Strategic targets on the radar
BNP PL’s ‘Fast Forward’ strategy assumes a ROE of 10% and a C/I of around 50%
to be achieved by 2021. We believe the mix of further single-digit lending growth,
stable NIM, cost synergies from M&A and credit risk under control will eventually pay
off. We expect a ROE of 9.7% (versus 7.7% expected in 2019E) and a C/I of 46% in
2021E (versus 58% expected in 2019E).
Still some distance to catch up
Catching up with competitors is going to take some serious effort. In recent years the
biggest Polish banks have strengthened their positions, modernized their IT systems,
digitalized their operations and improved the customer experience. BNP PL has been
lagging behind in these respects and it is now time to catch up. A new system of
internet banking for retail clients will be launched soon, rebranding is almost
complete so brand recognition should continue to improve, while the simplification of
products and a recent boost in new mortgage sales should help to attract new clients.
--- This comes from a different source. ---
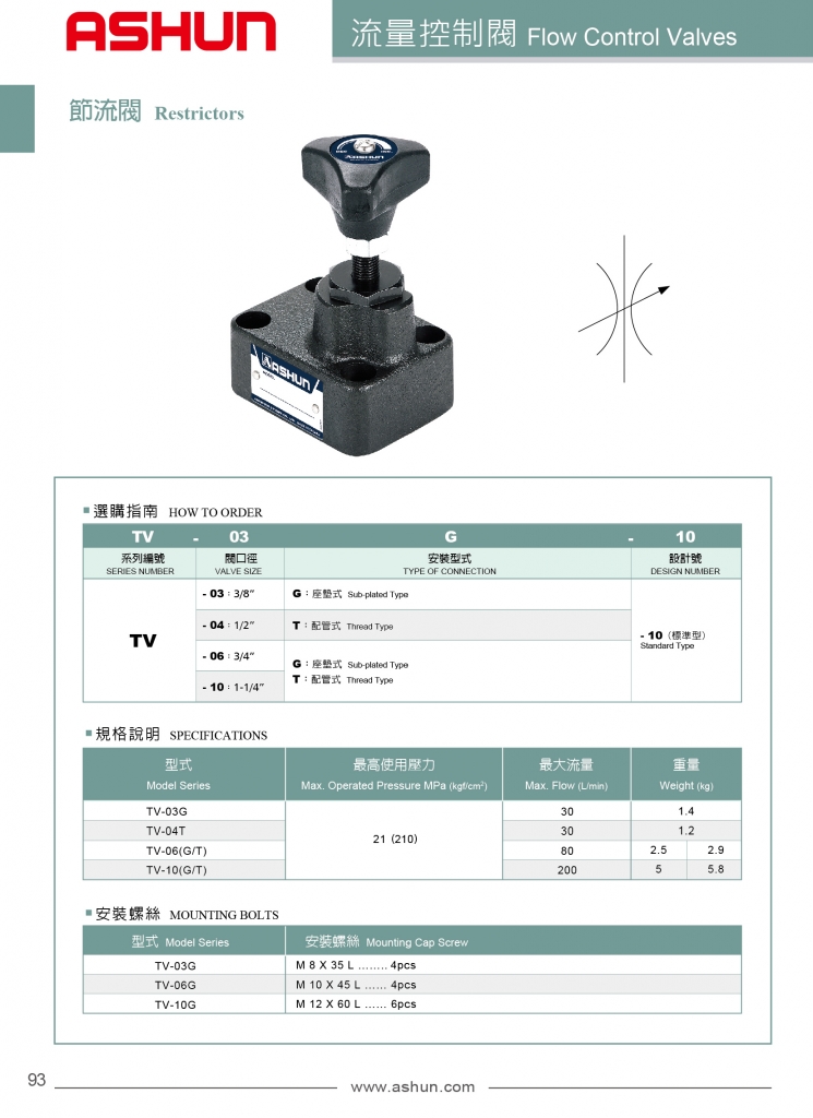 ASHUN節(jié)流閥常規(guī)型號參考:TV-03G-10 , TV-04T-10 , TV-06G-10 , TV-06T-10 , TV-10G-10 , TV-10T-10

Low valuation for low liquidity
BNP PL trades at a significant discount to other Polish banks (around 21-31% on the
P/E multiple, up to 38% on the P/BV ratio) for several reasons: low free float,
historical problems with capital and profitability, narrower analytical coverage. We
believe the discount could gradually be reduced following the delivery of strategic
parameters (namely ROE of close to 10%) and an improvement in capital ratios,
while the P/E multiple should move closer to the market average once the bank’s free
float increases (the main shareholder is obliged to increase it by 2023).
BNP Paribas Bank Polska SA, formerly Bank BGZ BNP Paribas SA and Gospodarki Zywnosciowej SA, is a Poland-based bank. The Bank divides its operations into three segments: Retail Banking includes sales of products and services for individuals, such as current and deposit accounts, term deposits, granting of housing loans and cash loans, mortgage loans, revolving loans, overdrafts, issuing debit and credit cards, service of foreign cash transfers, entering into foreign exchange transactions, among others; Institutional Banking includes sales of products and services for enterprises, companies and cooperatives, individual entrepreneurs, individual farmers, non-profit institutions and public sector entities; and Financial Markets, Assets and Liabilities Management covers activity in the area of financial markets and liquidity management.